## What you are asked to do
Below, find the line containing "500 pesetas. July" and the line containing "جاكيت مبطن بغطاء"; reproduce exactly those two and every line between them, omitting pictures.

## Extracted information
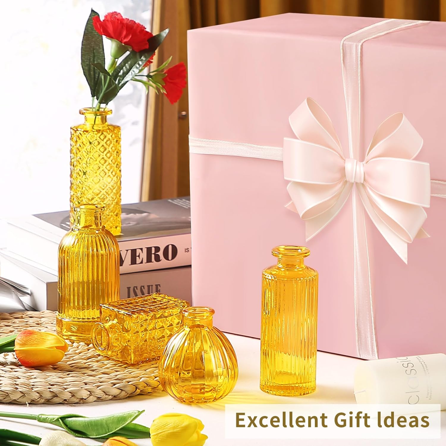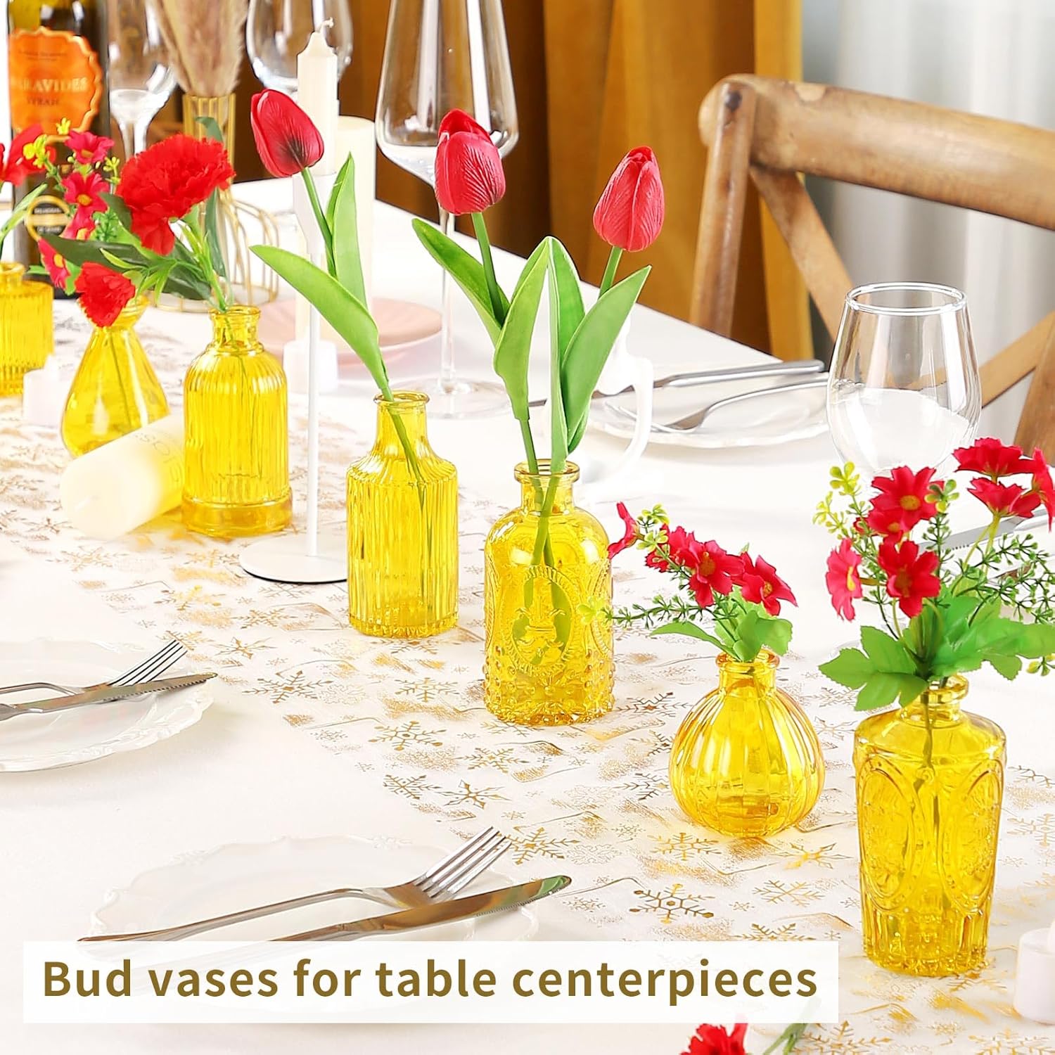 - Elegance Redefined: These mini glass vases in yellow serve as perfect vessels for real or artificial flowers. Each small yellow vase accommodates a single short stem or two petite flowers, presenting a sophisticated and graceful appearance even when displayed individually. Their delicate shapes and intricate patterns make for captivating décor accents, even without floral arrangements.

* * *

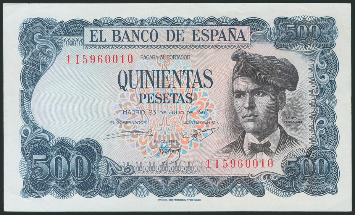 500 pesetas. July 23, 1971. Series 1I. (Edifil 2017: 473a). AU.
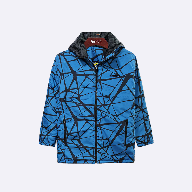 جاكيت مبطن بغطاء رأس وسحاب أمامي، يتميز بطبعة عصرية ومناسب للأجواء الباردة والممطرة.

--

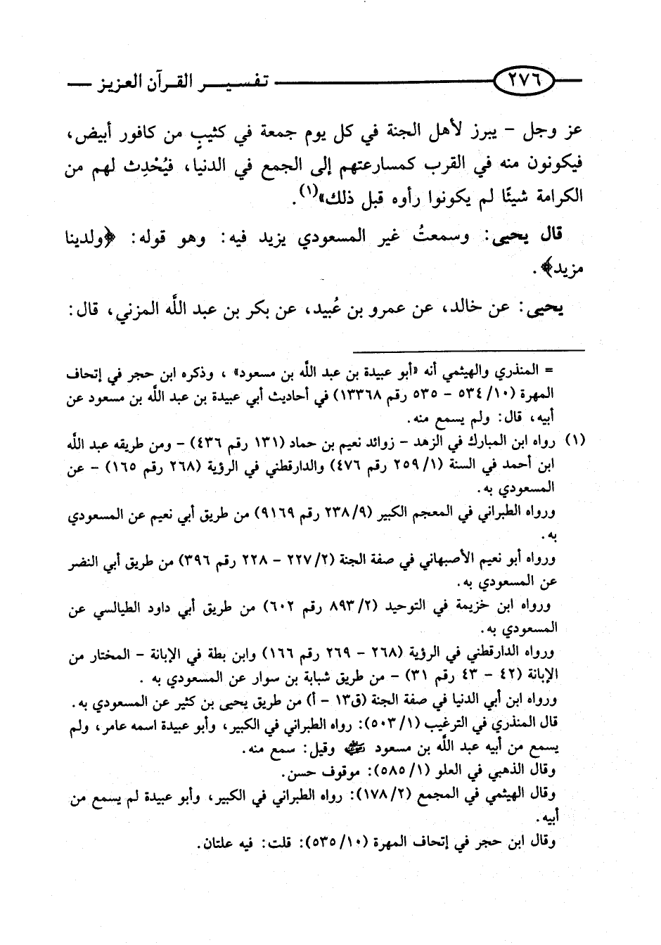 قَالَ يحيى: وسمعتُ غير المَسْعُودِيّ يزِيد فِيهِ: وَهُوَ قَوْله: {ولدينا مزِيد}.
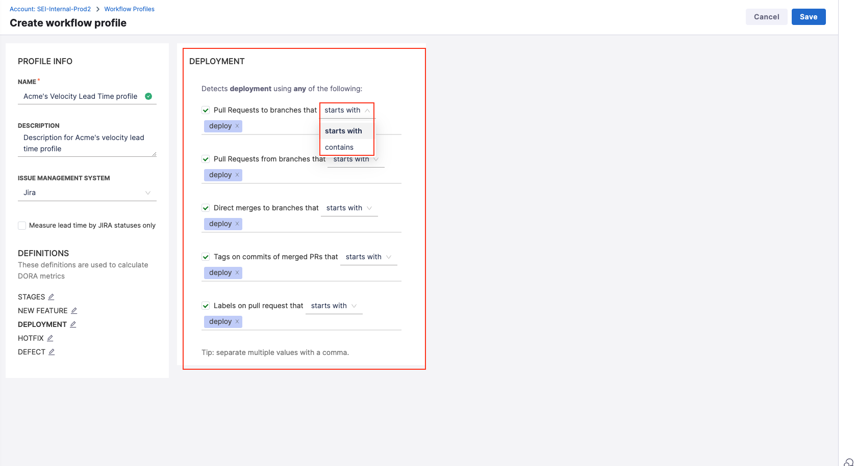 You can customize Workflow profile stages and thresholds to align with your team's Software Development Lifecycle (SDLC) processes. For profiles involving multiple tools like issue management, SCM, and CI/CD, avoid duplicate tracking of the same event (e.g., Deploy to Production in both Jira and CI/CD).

## Task answer
 500 pesetas. July 23, 1971. Series 1I. (Edifil 2017: 473a). AU.
 جاكيت مبطن بغطاء رأس وسحاب أمامي، يتميز بطبعة عصرية ومناسب للأجواء الباردة والممطرة.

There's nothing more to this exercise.